Martin nodded. “That we can do.”
Miles looked around the room. “So what are we saying here? We got some loonytune out there, some Tylenol killer who’s decided to use a disease? How do we know these little spray bottles aren’t the hell all over the place?”
“I think the killer wants to take his time.” Wesley began what he did best. “He started with one victim. When that paid off, he began on a tiny island. Now that’s paying off, so he hits a downtown health department office.” He looked
at me. “He will go to the next stage if we don’t stop him or develop a vaccine. Another reason I suspect this is still local, is it appears the facial sprays are hand-delivered, with bogus bulk-rate postage on the tubes to give the appearance that they were mailed.”
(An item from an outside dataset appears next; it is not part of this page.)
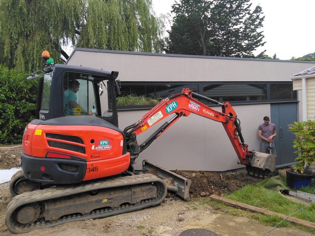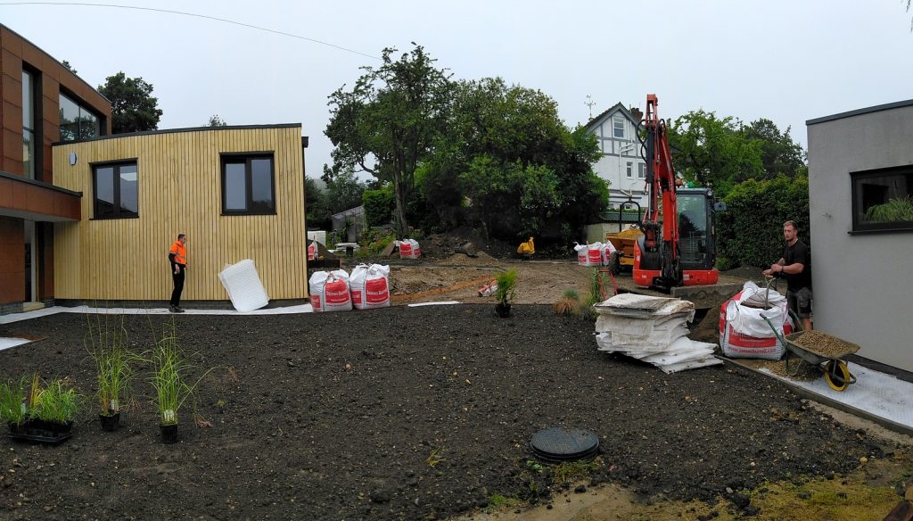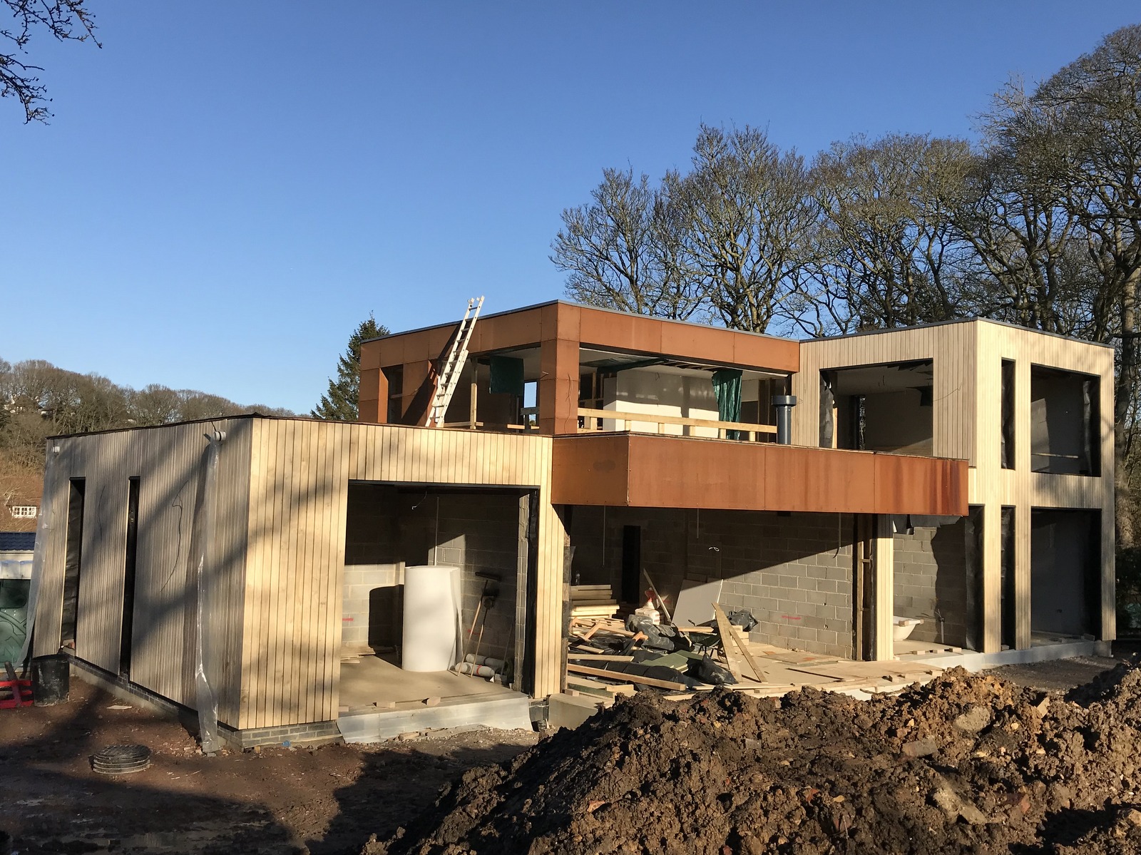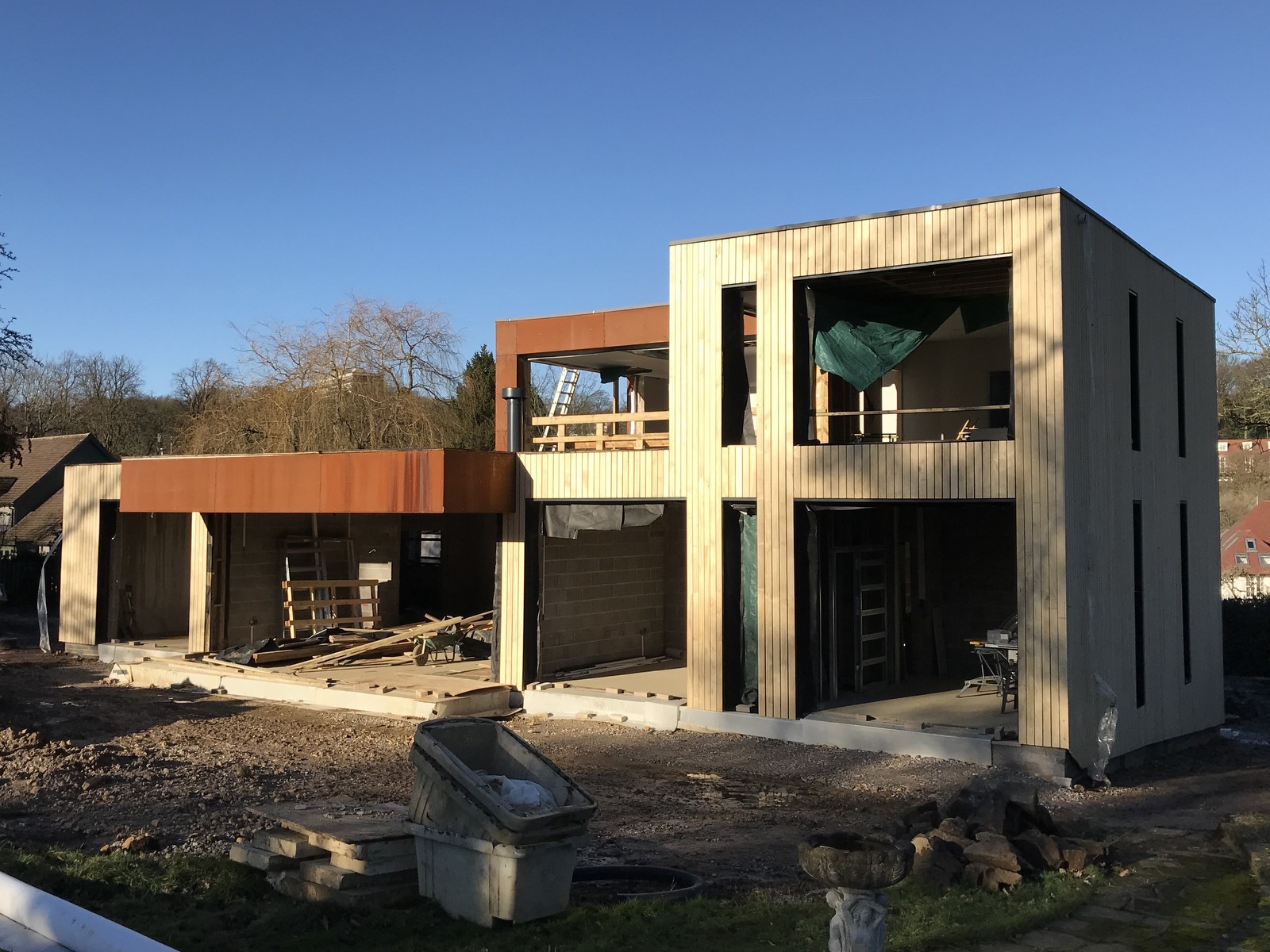 QSP have been back a couple of weeks and making good progress finishing their part of the project. The accoya and corten cladding is complete (barring the window reveals). Drains are complete and tested. The ground is levelled up – as much as possible with the wet ground and spoil. The workshop and main house doors are 2/3rds fitted. Barring the wet back wall of the garage all the rendering to garage and lower ground floor is done. Laid 10t of type1 to make n0n-muddy paths around the house, garage and static and I madea mini-rockery and steps the the door. The plan is they finish by end-month, apart from ……

“You’re definitely calling this product tampering, then,” Colonel Fujitsubo said to him.
“I’m calling this terrorism.”
“The point of it being what?”
“We don’t know that yet,” Wesley told him.
“But this is far worse than any Tylenol killer or Unabomber,” I said. “The destruction they cause is limited to whoever takes the capsules or opens the package. With a virus, it’s going to spread far beyond the primary victim.”
“Dr. Martin, what can you tell us about this particular virus?” Miles said.
“We have four traditional methods for testing for smallpox.” He stared stiffly at us from his screen. “Electron microscopy, with which we have observed a direct visualization of variola.”
“Smallpox?” Miles almost shouted. “You’re sure about that?”
“Hold on,” Martin interrupted him. “Let me finish. We also got a verification of antigenic identity using agar gel. Now, chick embryo chorioallantoic membrane culture, other tissue cultures are going to take two, three days. So we don’t have those results now, but we do have PCR. It verified a pox. We just don’t know which one. It’s very odd, nothing currently known, not monkeypox, whitepox. Not classic variola major or minor, although it seems to be related.”
“Dr. Scarpetta,” Fujitsubo spoke. “Can you tell me what’s in this facial spray, as best you know?”
“Distilled water and a fragrance. There were no ingredients listed, but generally that’s what sprays like this are,” I said.
He was making notes. “Sterile?” He looked back at us from the monitor.
“I would hope so, since the directions encourage you to spray it over your face and contact lenses,” I replied.
“Then my question,” Fujitsubo went on via satellite, “is what kind of shelf life might we expect these contaminated sprays to have? Variola isn’t all that stable in moist conditions.”